From: Nathan Bossart <nathandbossart(at)gmail(dot)com>
To: Tom Lane <tgl(at)sss(dot)pgh(dot)pa(dot)us>
Cc: Robert Haas <robertmhaas(at)gmail(dot)com>, Salvatore Dipietro <dipietro(dot)salvatore(at)gmail(dot)com>, pgsql-hackers(at)postgresql(dot)org, Salvatore Dipietro <dipiets(at)amazon(dot)com>, blakgeof(at)amazon(dot)com
Subject: Re: Remove Instruction Synchronization Barrier in spin_delay() for ARM64 architecture
Date: 2025-05-01 21:50:36
Message-ID: aBPsrFbjnrqp3_8S@nathan
Views: Raw Message | Whole Thread | Download mbox | Resend email
Thread:
Lists: pgsql-hackers

On Thu, May 01, 2025 at 04:08:06PM -0400, Tom Lane wrote:
> Nathan Bossart <nathandbossart(at)gmail(dot)com> writes:
>> ... commit 3d0b4b1 recently added a non-locking
>> initial test in AArch64's TAS_SPIN, so I wonder if the ISB is still
>> appropriate. It'd be interesting to see the performance difference of
>> removing the ISB with and without commit 3d0b4b1 applied.
>
> Oh! That's an excellent point. The OP didn't mention if their tests
> were done before or after 3d0b4b1, but that might well matter.
>
> I still think pgbench is a very blunt tool for this type of testing,
> though. I recommend resurrecting the test_shm_mq-based hack discussed
> in the prior thread and seeing what that shows.

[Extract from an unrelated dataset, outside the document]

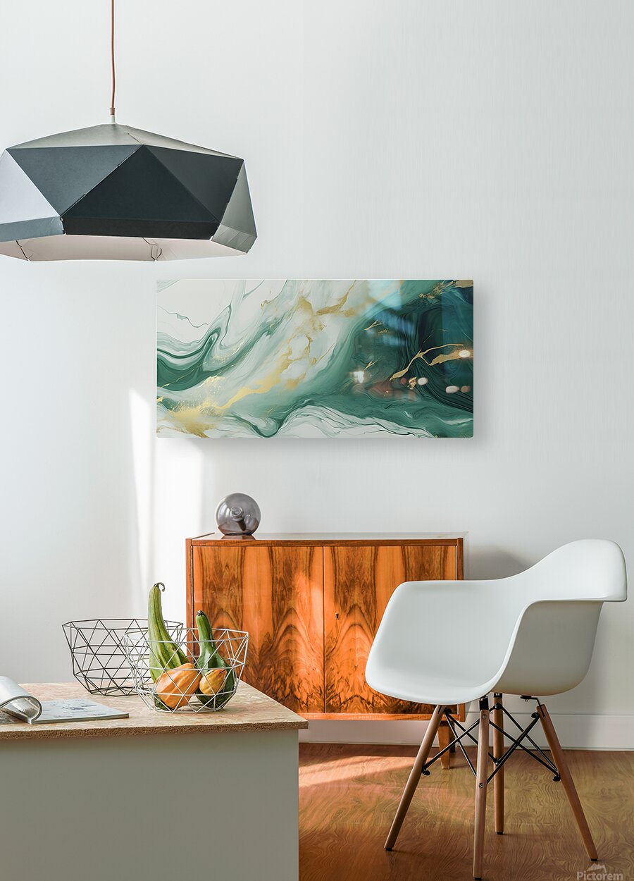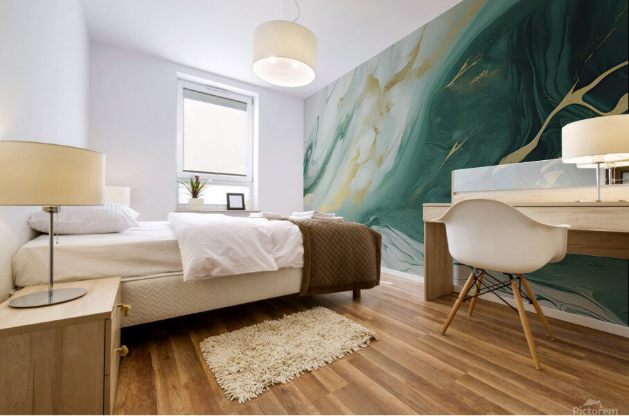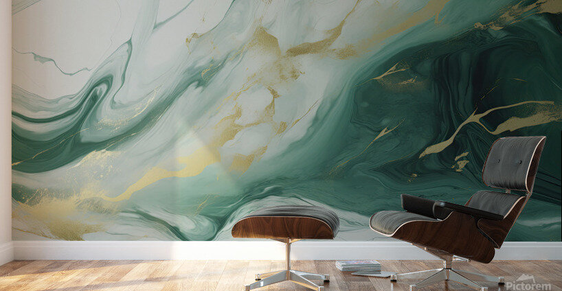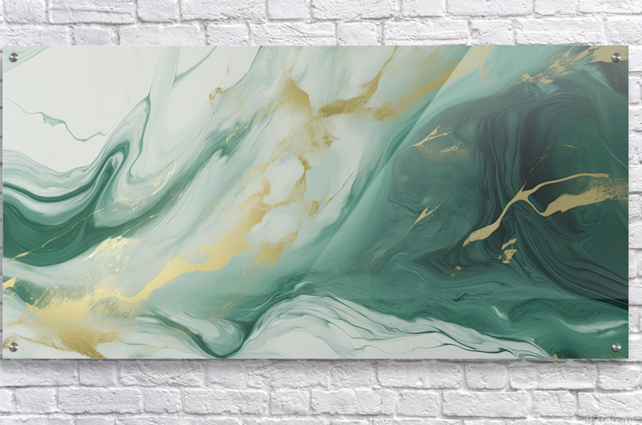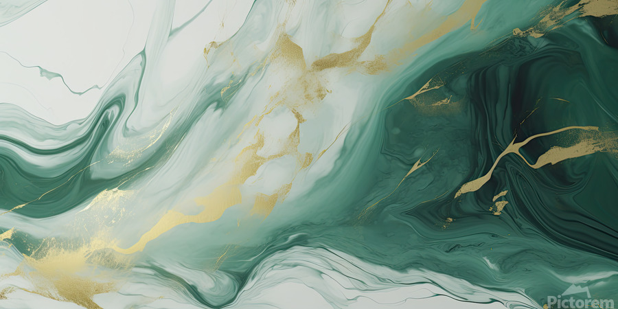 ABOUT THIS ARTWORK: GREEN WHITE GOLD SWIRLED MARBLE

Well, I have interesting results. This is all on a c8g.24xlarge (96 cores,
Neoverse-V2, Armv9.0-a).

For the first test_shm_mq test, I ran the following:

SELECT test_shm_mq_pipelined(16384, 'xyzzy', 10000000, 1);
SELECT test_shm_mq_pipelined(16384, 'xyzzy', 10000000, 2);
SELECT test_shm_mq_pipelined(16384, 'xyzzy', 10000000, 4);
...

This gave me the following results (values are in seconds):

w/o 3d0b4b1 w/ 3d0b4b1
ISB no ISB ISB no ISB
1 1.4 1.6 1.5 1.6
2 2.1 2.0 2.1 2.1
4 3.2 3.5 3.3 3.5
8 7.4 8.1 7.2 8.4
16 18.0 35.9 22.7 23.4
32 35.7 85.6 53.7 49.5
64 85.1 ? 147.6 100.1

For the second test_shm_mq test, I ran at higher concurrency, so I had to
reduce the loop counts:

SELECT test_shm_mq_pipelined(16384, 'xyzzy', 100000, 32);
...

That gave me the following:

w/o 3d0b4b1 w/ 3d0b4b1
ISB no ISB ISB no ISB
32 0.4 0.8 0.5 0.6
64 2.0 4.8 1.3 1.1
128 6.1 29.3 7.5 2.1
256 43.0 66.4 24.4 4.5

Finally, I ran the pgbench select-only test with
pg_stat_statements.track_planning enabled (values are in thousands of
transactions per second):

w/o 3d0b4b1 w/ 3d0b4b1
ISB no ISB ISB no ISB
71.4 67.4 538.2 891.2

So...

* The ISB does seem to have a positive effect without commit 3d0b4b1
applied.

* With commit 3d0b4b1 applied, removing the ISB seems to have a positive
effect at high concurrencies. This is especially pronounced in the
pgbench test.

* With commit 3d0b4b1 applied, removing the ISB doesn't change much at
lower concurrencies, and there might even be a small regression.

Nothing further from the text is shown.